*Extracted data*:
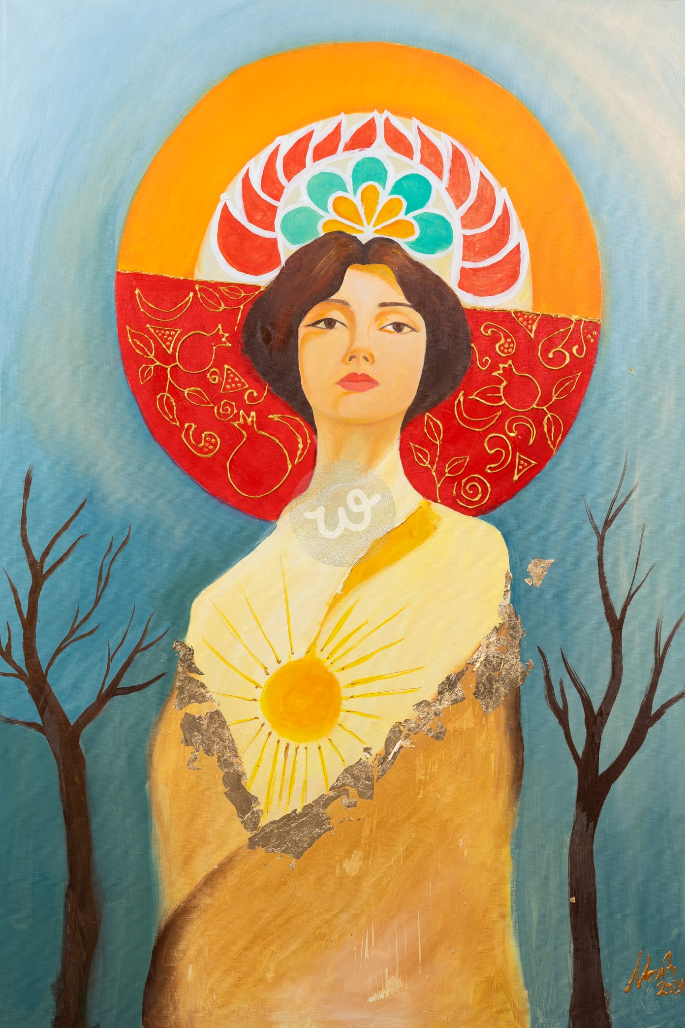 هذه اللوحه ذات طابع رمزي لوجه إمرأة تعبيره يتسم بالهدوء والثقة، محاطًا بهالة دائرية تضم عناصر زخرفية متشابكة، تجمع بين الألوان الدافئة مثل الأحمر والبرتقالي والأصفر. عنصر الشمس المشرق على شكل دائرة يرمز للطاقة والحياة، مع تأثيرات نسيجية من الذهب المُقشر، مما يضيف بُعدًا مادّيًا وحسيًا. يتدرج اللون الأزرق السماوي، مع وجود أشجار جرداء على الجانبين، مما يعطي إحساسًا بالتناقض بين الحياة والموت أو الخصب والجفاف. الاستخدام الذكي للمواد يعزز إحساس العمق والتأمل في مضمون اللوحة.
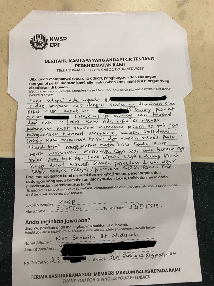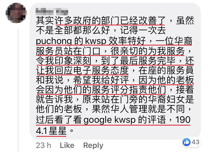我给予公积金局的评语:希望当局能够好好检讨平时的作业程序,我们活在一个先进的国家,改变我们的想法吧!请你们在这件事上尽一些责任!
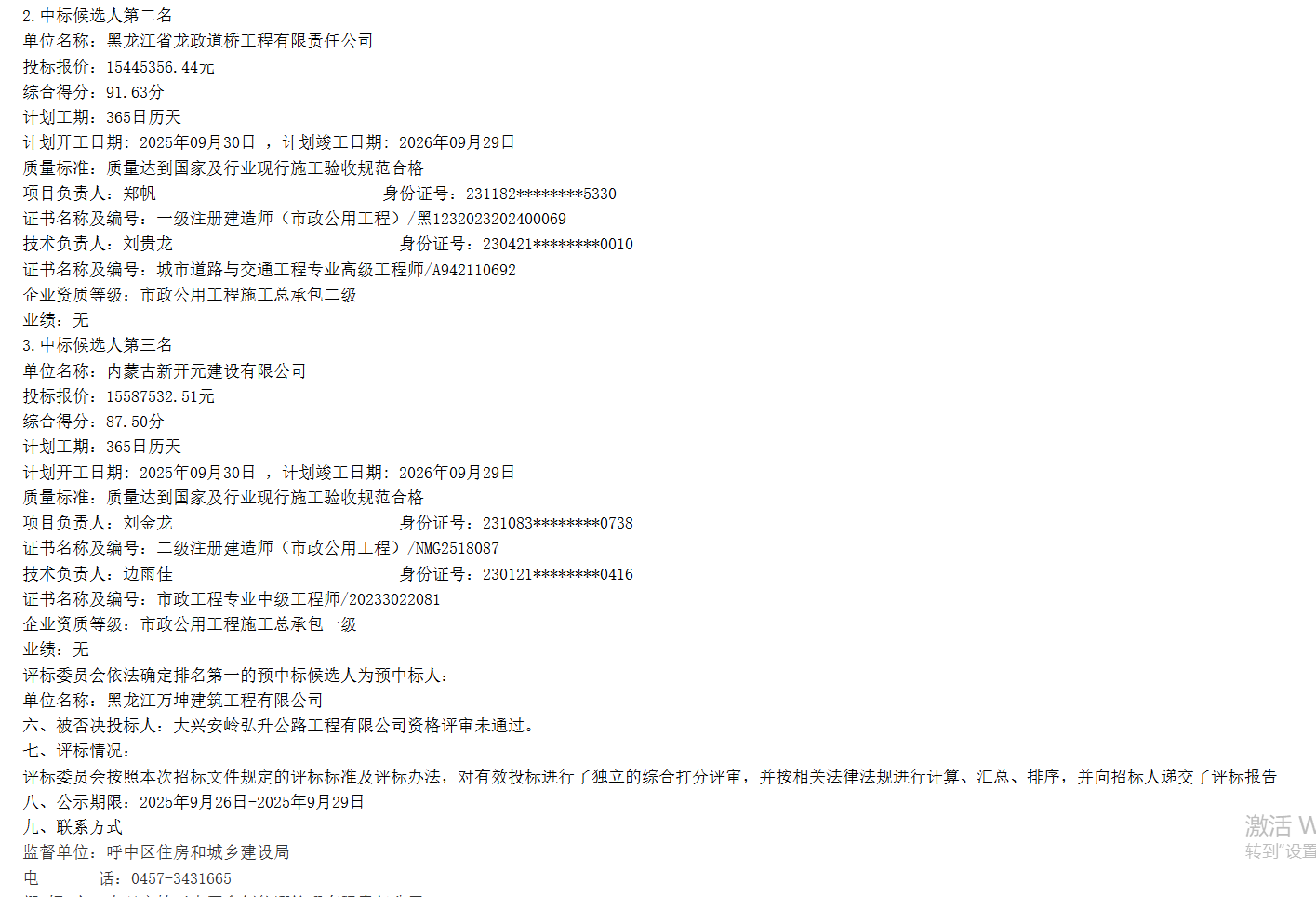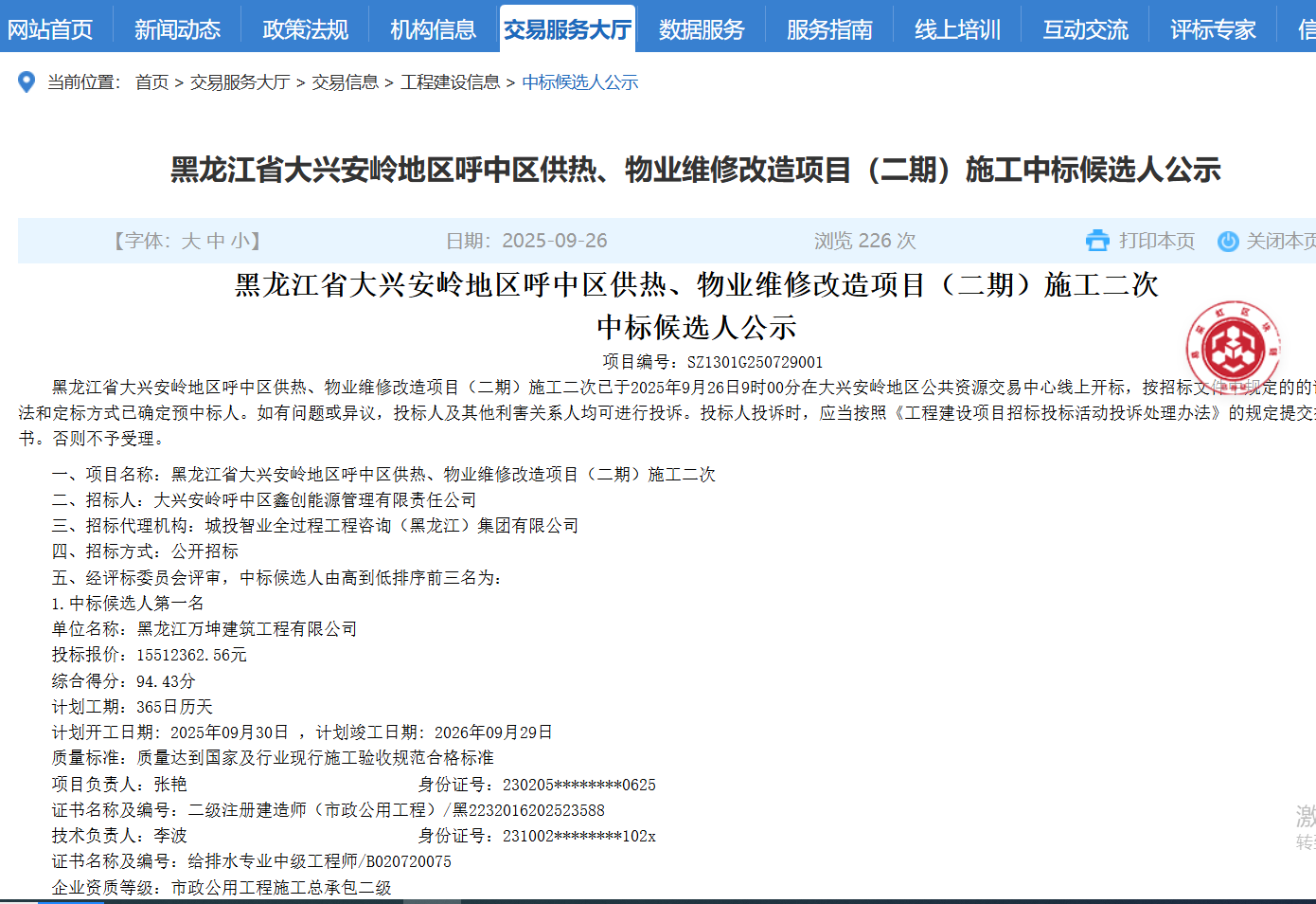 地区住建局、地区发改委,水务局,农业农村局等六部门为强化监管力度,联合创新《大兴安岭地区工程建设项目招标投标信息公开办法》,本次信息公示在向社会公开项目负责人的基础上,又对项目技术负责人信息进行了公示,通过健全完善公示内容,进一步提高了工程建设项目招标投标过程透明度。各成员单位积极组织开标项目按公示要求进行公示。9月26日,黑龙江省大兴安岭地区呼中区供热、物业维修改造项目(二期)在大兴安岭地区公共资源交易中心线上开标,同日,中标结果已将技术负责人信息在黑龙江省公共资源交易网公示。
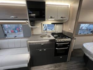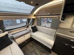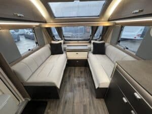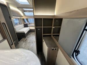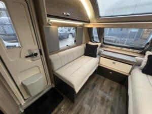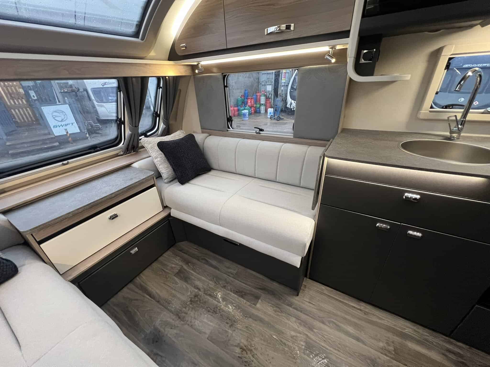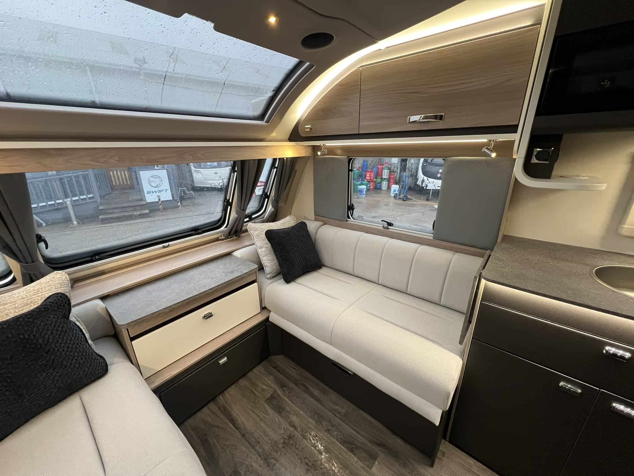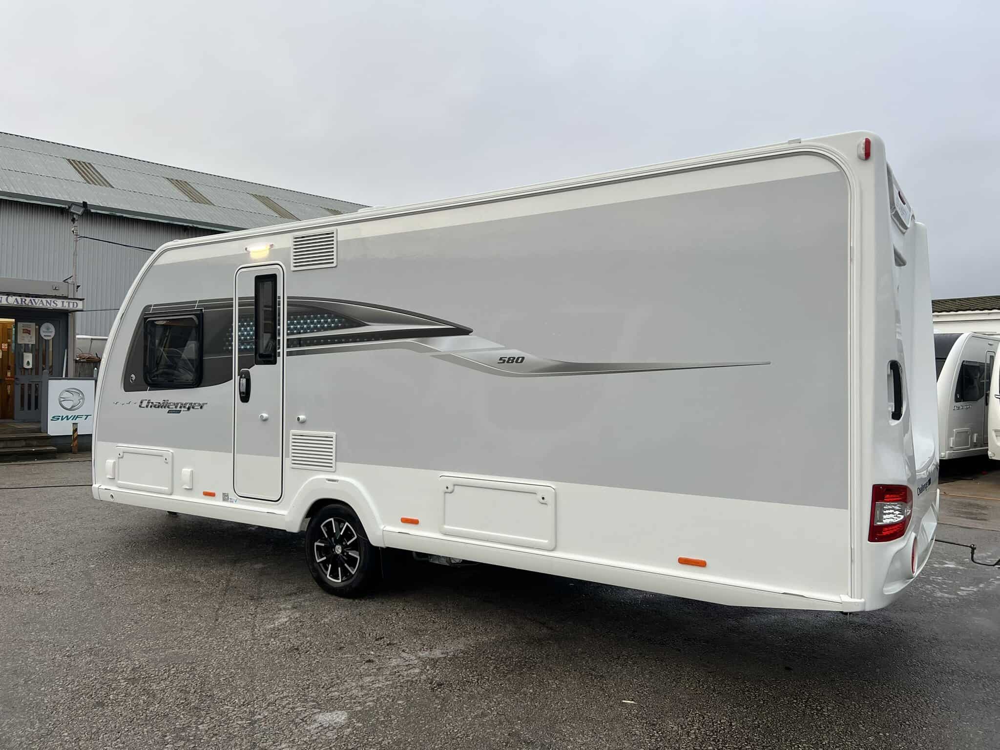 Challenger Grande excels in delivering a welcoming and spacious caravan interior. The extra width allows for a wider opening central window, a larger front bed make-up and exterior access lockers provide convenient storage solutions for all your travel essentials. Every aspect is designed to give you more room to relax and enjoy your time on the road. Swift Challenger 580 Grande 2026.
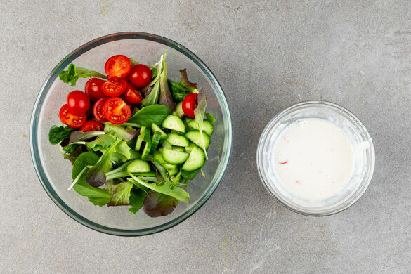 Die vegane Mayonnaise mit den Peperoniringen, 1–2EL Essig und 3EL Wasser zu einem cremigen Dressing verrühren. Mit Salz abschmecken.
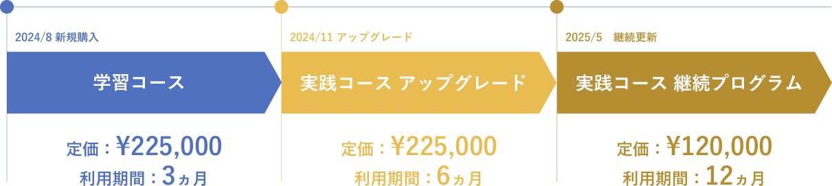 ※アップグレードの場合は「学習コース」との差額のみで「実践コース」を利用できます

*Task details*: Retype all the records shown above, character for character. Omit every picture.

*Solution to the problem*:
 هذه اللوحه ذات طابع رمزي لوجه إمرأة تعبيره يتسم بالهدوء والثقة، محاطًا بهالة دائرية تضم عناصر زخرفية متشابكة، تجمع بين الألوان الدافئة مثل الأحمر والبرتقالي والأصفر. عنصر الشمس المشرق على شكل دائرة يرمز للطاقة والحياة، مع تأثيرات نسيجية من الذهب المُقشر، مما يضيف بُعدًا مادّيًا وحسيًا. يتدرج اللون الأزرق السماوي، مع وجود أشجار جرداء على الجانبين، مما يعطي إحساسًا بالتناقض بين الحياة والموت أو الخصب والجفاف. الاستخدام الذكي للمواد يعزز إحساس العمق والتأمل في مضمون اللوحة.
我给予公积金局的评语:希望当局能够好好检讨平时的作业程序,我们活在一个先进的国家,改变我们的想法吧!请你们在这件事上尽一些责任!
 地区住建局、地区发改委,水务局,农业农村局等六部门为强化监管力度,联合创新《大兴安岭地区工程建设项目招标投标信息公开办法》,本次信息公示在向社会公开项目负责人的基础上,又对项目技术负责人信息进行了公示,通过健全完善公示内容,进一步提高了工程建设项目招标投标过程透明度。各成员单位积极组织开标项目按公示要求进行公示。9月26日,黑龙江省大兴安岭地区呼中区供热、物业维修改造项目(二期)在大兴安岭地区公共资源交易中心线上开标,同日,中标结果已将技术负责人信息在黑龙江省公共资源交易网公示。
 Challenger Grande excels in delivering a welcoming and spacious caravan interior. The extra width allows for a wider opening central window, a larger front bed make-up and exterior access lockers provide convenient storage solutions for all your travel essentials. Every aspect is designed to give you more room to relax and enjoy your time on the road. Swift Challenger 580 Grande 2026.
 Die vegane Mayonnaise mit den Peperoniringen, 1–2EL Essig und 3EL Wasser zu einem cremigen Dressing verrühren. Mit Salz abschmecken.
 ※アップグレードの場合は「学習コース」との差額のみで「実践コース」を利用できます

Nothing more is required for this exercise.